Stored data >>
--- START ---
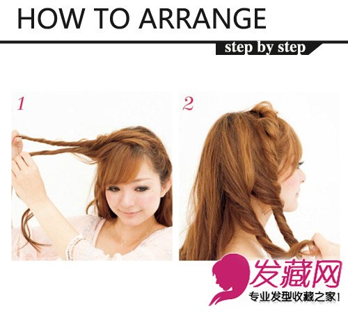 step 2:用上面同样的方式扭转出两束头发。
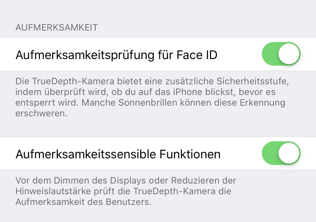 Hilfreich auch: Die Kamera, die für Face ID verwendet wird, können Sie auch verwenden, um das Ausgehen des Displays zu verhindern. Aktivieren Sie die Aufmerksamkeitsprüfung für Face ID. Auch wenn Sie das Gerät nicht bedienen, aber es anschauen, bleibt es dann an.
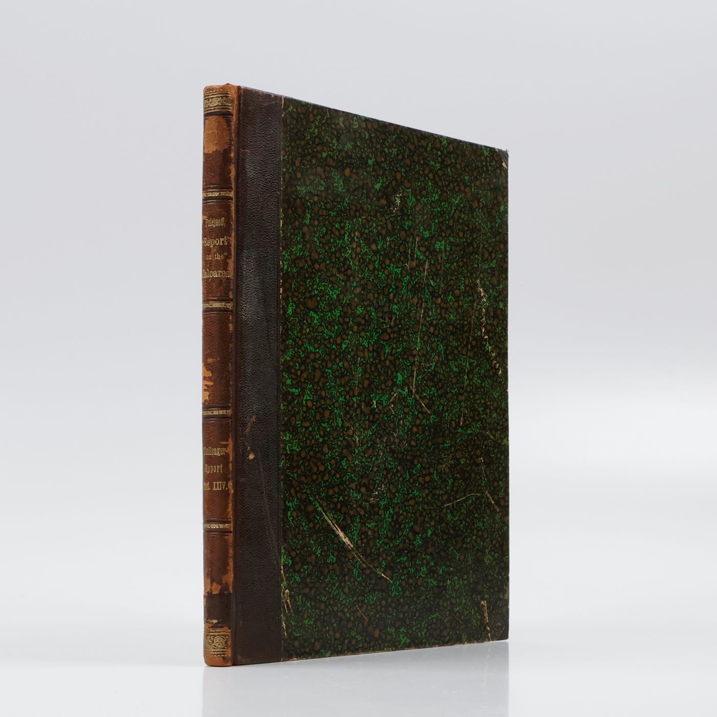 London, Her Majesty's Stationery Office, 1883. 4to (29.2 x 24.6 cm). Title page, (i), 76 pp.; nine lithographed plates, several with additional printing in blue. Contemporary half morocco over marbled boards. Spine with gilt ornamental bands and title. Brown endpapers.
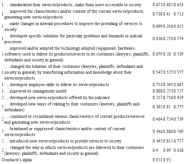 Two factors were obtained from the results, which describe innovations in processes and services in the court studied. In terms of the examples of innovations cited by the respondents, one may note that those related to information and communications technology are the most remembered, especially the introduction of the electronic lawsuit.
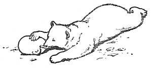 Another habit in which he has improved upon Mooween is his fishing. He knows how to flip fish out of water with his paw, as all bears do; but he has also learned how to attract them when they are not to be found on the shallows. Many times in the twilight I have found Mooweesuk sitting very still on a rock or gray log beside the pond or river, his soft colors and his stillness making him seem like part of the shore. Other naturalists and hunters have mentioned the same thing, and their testimony generally agrees in this: that Mooweesuk's eyes are half shut at such times, and his sensitive feelers, or whiskers, are playing on the surface of the water. The fish below, seeing this slight motion but not seeing the animal above, attracted either by curiosity or, more likely, by the thought of insects playing, rise to the surface and are snapped out by a sweep of Mooweesuk's paw.
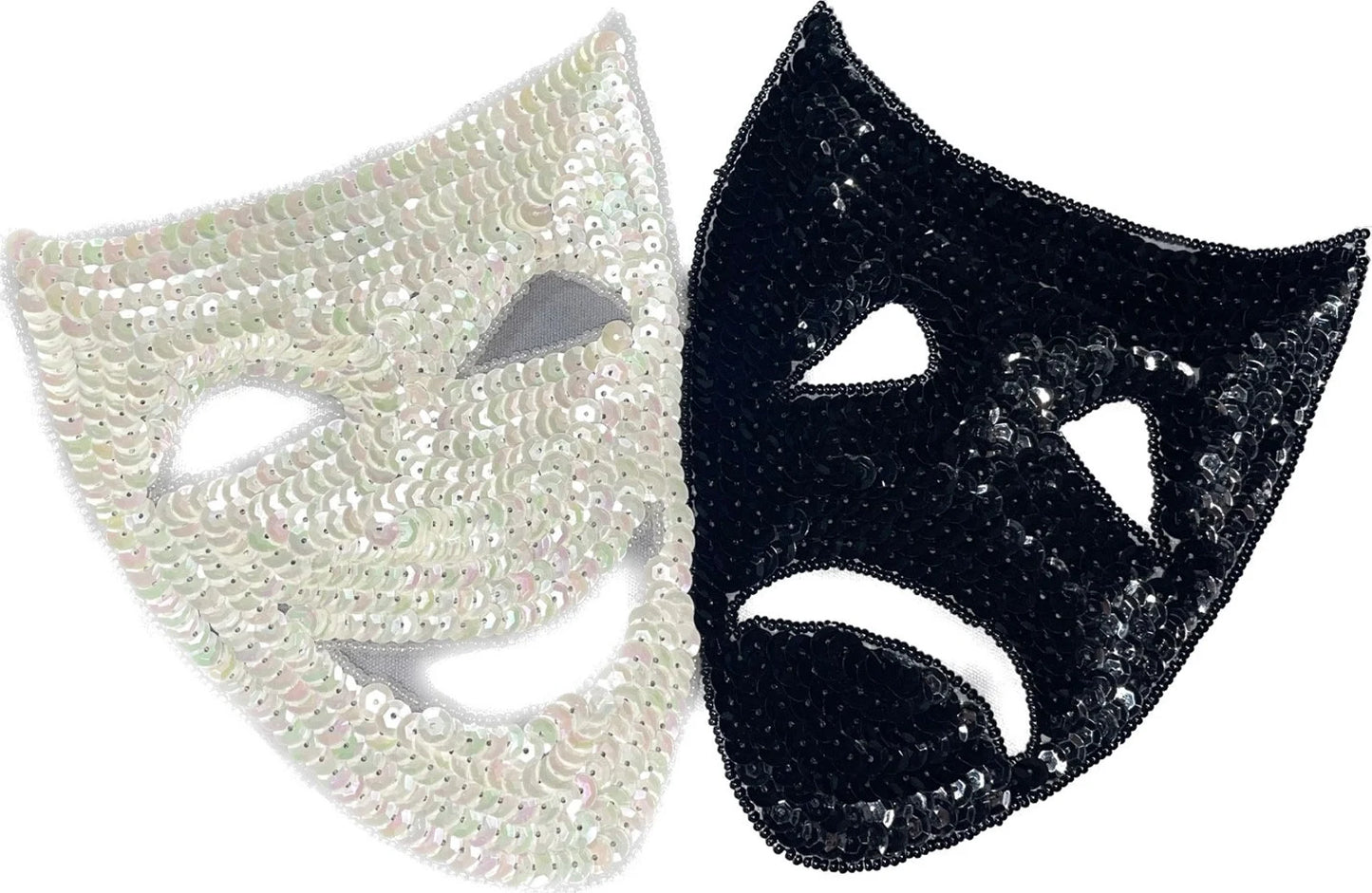 Comedy/Tragedy Mask Black and White Sequins and Beads 10" x 7"
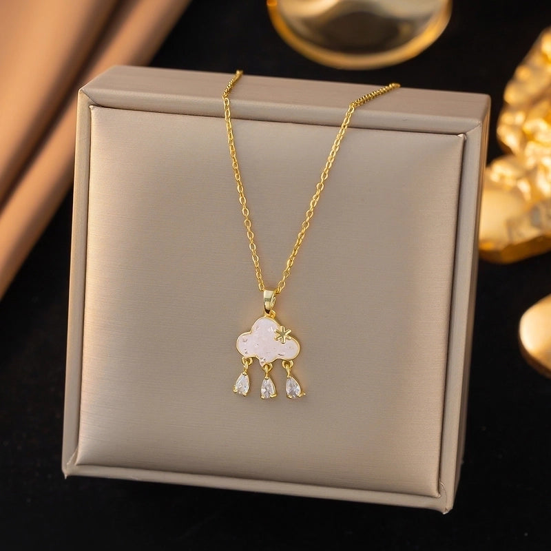 Elegant Sweet Classic Style Clouds 316 Stainless Steel Earrings Necklace Jewelry Set
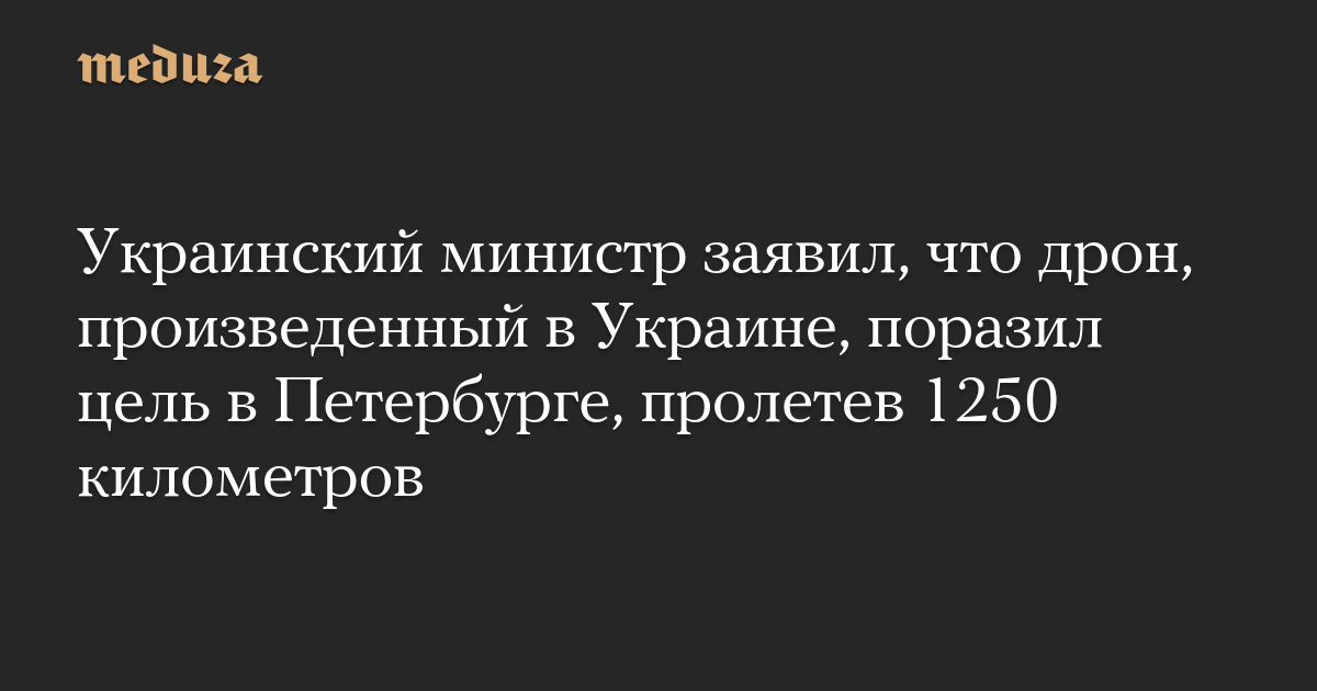 Украинский министр заявил, что дрон, произведенный в Украине, поразил цель в Петербурге, пролетев 1250 километров
--- END ---
What you are asked to do >>
Take the lines above from the top of the records through the one with "Two factors were" and repeat them exactly, without any pictures.

Your response >>
 step 2:用上面同样的方式扭转出两束头发。
 Hilfreich auch: Die Kamera, die für Face ID verwendet wird, können Sie auch verwenden, um das Ausgehen des Displays zu verhindern. Aktivieren Sie die Aufmerksamkeitsprüfung für Face ID. Auch wenn Sie das Gerät nicht bedienen, aber es anschauen, bleibt es dann an.
 London, Her Majesty's Stationery Office, 1883. 4to (29.2 x 24.6 cm). Title page, (i), 76 pp.; nine lithographed plates, several with additional printing in blue. Contemporary half morocco over marbled boards. Spine with gilt ornamental bands and title. Brown endpapers.
 Two factors were obtained from the results, which describe innovations in processes and services in the court studied. In terms of the examples of innovations cited by the respondents, one may note that those related to information and communications technology are the most remembered, especially the introduction of the electronic lawsuit.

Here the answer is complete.